De samenstelling van het medicijn

Het hulpmiddel wordt geproduceerd in de vorm van een wit poeder dat een therapeutische stof bevat - ceftriaxon-natrium. Het poeder wordt gebruikt om een ​​medicinale oplossing te verkrijgen die wordt gebruikt voor intraveneuze druppel- en straalinfusies of injecties in de spier.

Medicijnen komen naar apotheken in transparante, hermetisch afgesloten glazen injectieflacons met 500, 1000 mg actief ingrediënt.

Farmacologische eigenschappen en indicaties voor gebruik

Geneeskrachtige eigenschappen

Ceftriaxon heeft een krachtig antimicrobieel effect - vernietigt schadelijke micro-organismen en vernietigt hun celwand. Het medicijn is in staat om vele verschillende soorten bacteriën te onderdrukken, waaronder aërobe en anaerobe vormen, grampositieve en gramnegatieve soorten.

De therapeutische substantie wordt actief gedistribueerd met bloed, gemakkelijk in alle organen terechtkunnen, inclusief hersen- en botweefsel, en vloeistoffen, waaronder intra-articulaire, spinale en pleurale.

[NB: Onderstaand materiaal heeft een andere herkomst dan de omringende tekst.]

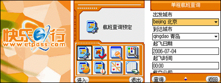 “快樂e行”預(yù)裝在手機(jī)中的存儲(chǔ)卡中,可直接安裝到手機(jī)的應(yīng)用菜單欄里,點(diǎn)擊圖標(biāo),就可以直接進(jìn)入首頁。圖形化的操作按鍵、簡明的文字提示、順暢的操作流程,人性化的設(shè)計(jì)讓機(jī)票預(yù)訂變得不再麻煩。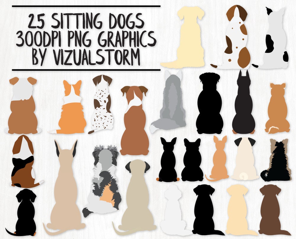 Back Sitting Dogs Illustrations 25 Dog Breed Graphics Aussie Etsy De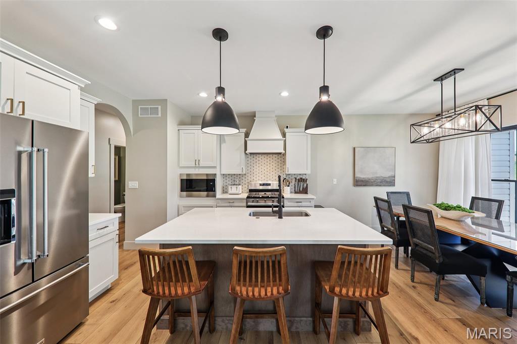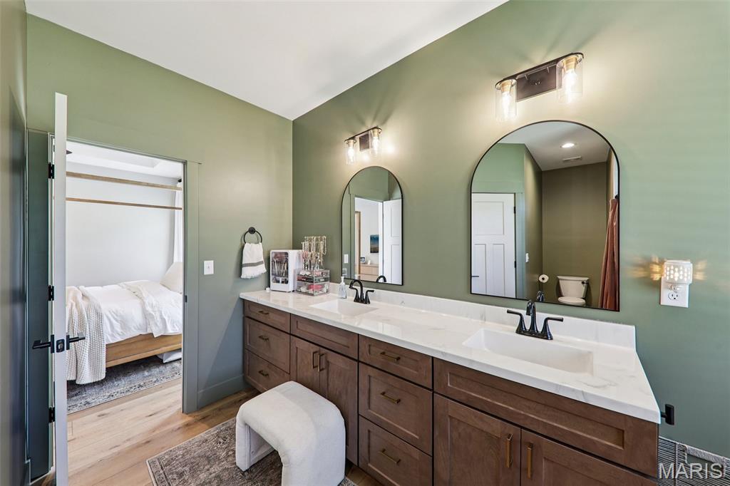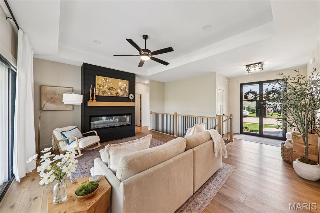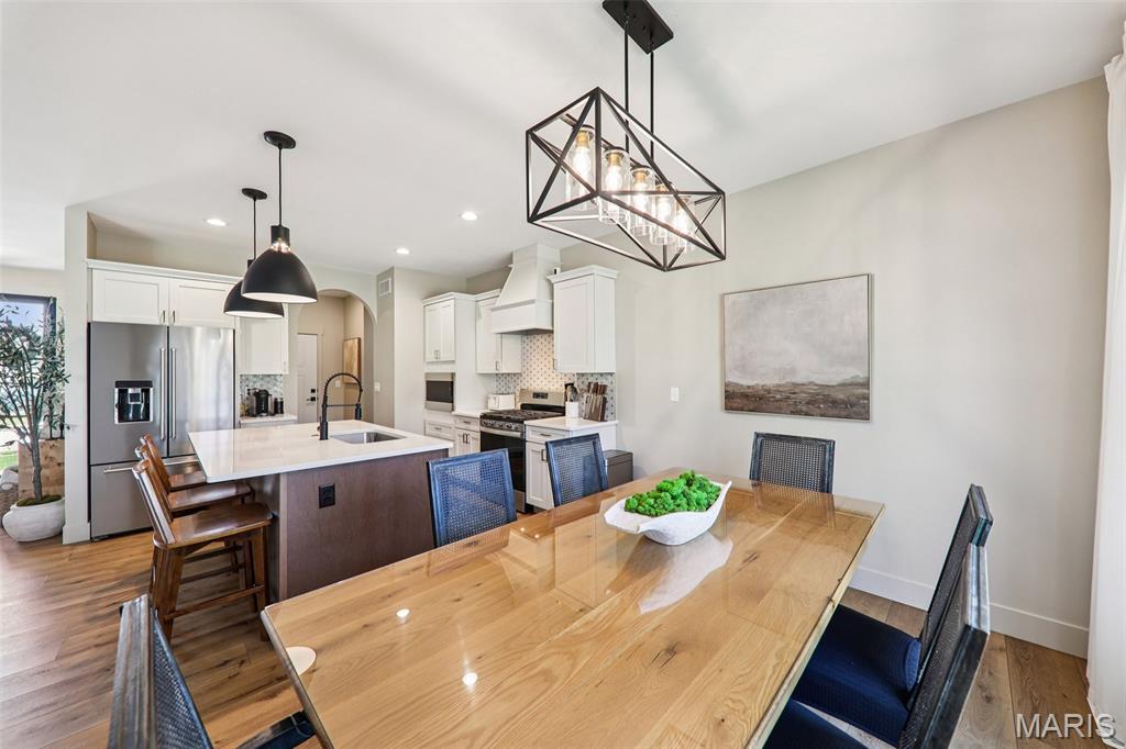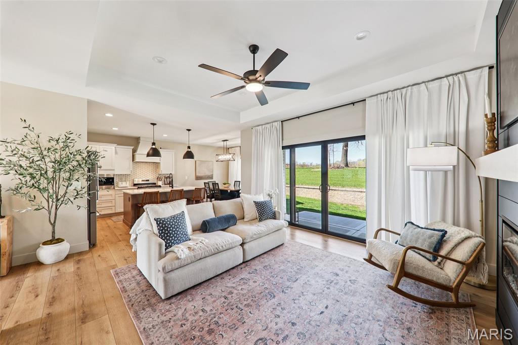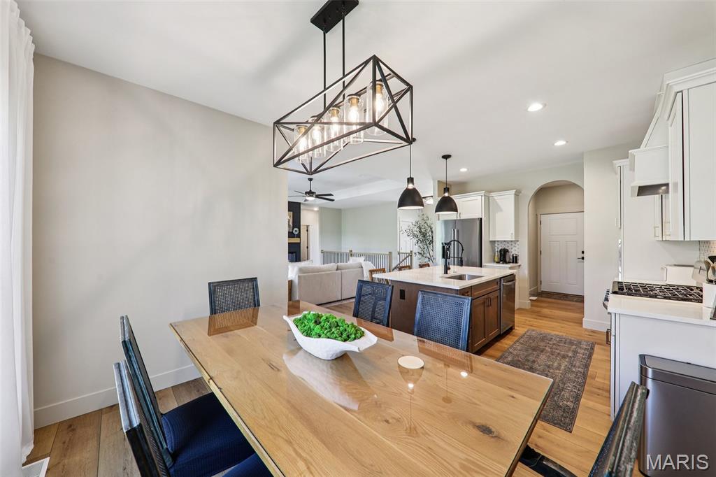 Tucked back in the coveted, boutique community of Shadow Ridge—this property delivers the kind of quiet, low-traffic living that’s getting harder to find. Backing to open ground with a truly private backyard setting, it offers a rare blend of peace, proximity, and presence—just minutes from SAFB, O’Fallon, Edwardsville shopping and dining, and effortless interstate access. From the moment you walk in, this home feels intentional. The design is textbook tasteful—featuring a palette of vivid yet subtle tones that create warmth without overwhelming the space. Every finish, every line, every arch was carefully and tirelessly selected by the builder… and it shows. At the heart of the home, an inviting living space is anchored by the fireplace, seamlessly connecting to a large center island and eat-in kitchen designed for real life—morning coffee, weeknight dinners, and full-house gatherings alike. The flow is effortless, the feel is elevated, and the functionality is spot on. Architectural details like arched doorways add a level of character you simply won't find in most new builds, while LVP flooring throughout keeps things clean, durable, and cohesive. The primary suite is its own escape—featuring a recessed ceiling, spa-style bath with a soaker tub, and a shower that genuinely feels like a vacation retreat. It’s the kind of space you disappear into at the end of a long day. Downstairs, the deep-pour basement takes this home to another level—literally. The ceiling height is impressive enough to accommodate a golf simulator setup, while also offering space for a full home theater, recreation area, and a 4th bedroom—perfect for guests, a private office, or flexible living arrangements. The outdoor space continues the story with a covered patio overlooking open ground, a stone veneer exterior, and a block retaining wall that enhances both form and function. And for modern convenience, the 3-car garage is equipped with a 240V EV hookup—ready for at-home electric vehicle charging. With main-level laundry (complete with sink), a functional drop zone for everyday life, and thoughtful touches throughout, this home strikes that rare balance of new, simple, elegant, and peaceful. Homes like this don’t just check boxes—they raise the standard.

Ongeveer 4% van de hoeveelheid van een therapeutische stof in het bloedplasma wordt in moedermelk gevonden.

De biologische beschikbaarheid, dat wil zeggen de hoeveelheid ceftriaxon-natrium die de afwijkende focus bereikt, is bijna 100%.

De maximale concentratie in het bloed wordt genoteerd 90 tot 120 minuten na de intramusculaire injectie en na intraveneuze infusie aan het einde van de procedure.

De therapeutische substantie kan lange tijd in het lichaam aanwezig zijn en behoudt zijn antimicrobiële werking gedurende 24 uur of langer.

De halfwaardetijd van het geneesmiddel (het tijdstip waarop de helft van de farmacologische activiteit verloren gaat) is 6 tot 8 uur, en bij leeftijdspatiënten vanaf 70 jaar is dit verlengd tot 16 uur, bij zuigelingen van één maand tot 6,5 dagen, bij pasgeborenen tot 8 dagen.

Meestal (tot 60%) wordt ceftriaxon samen met urine verwijderd, gedeeltelijk met gal.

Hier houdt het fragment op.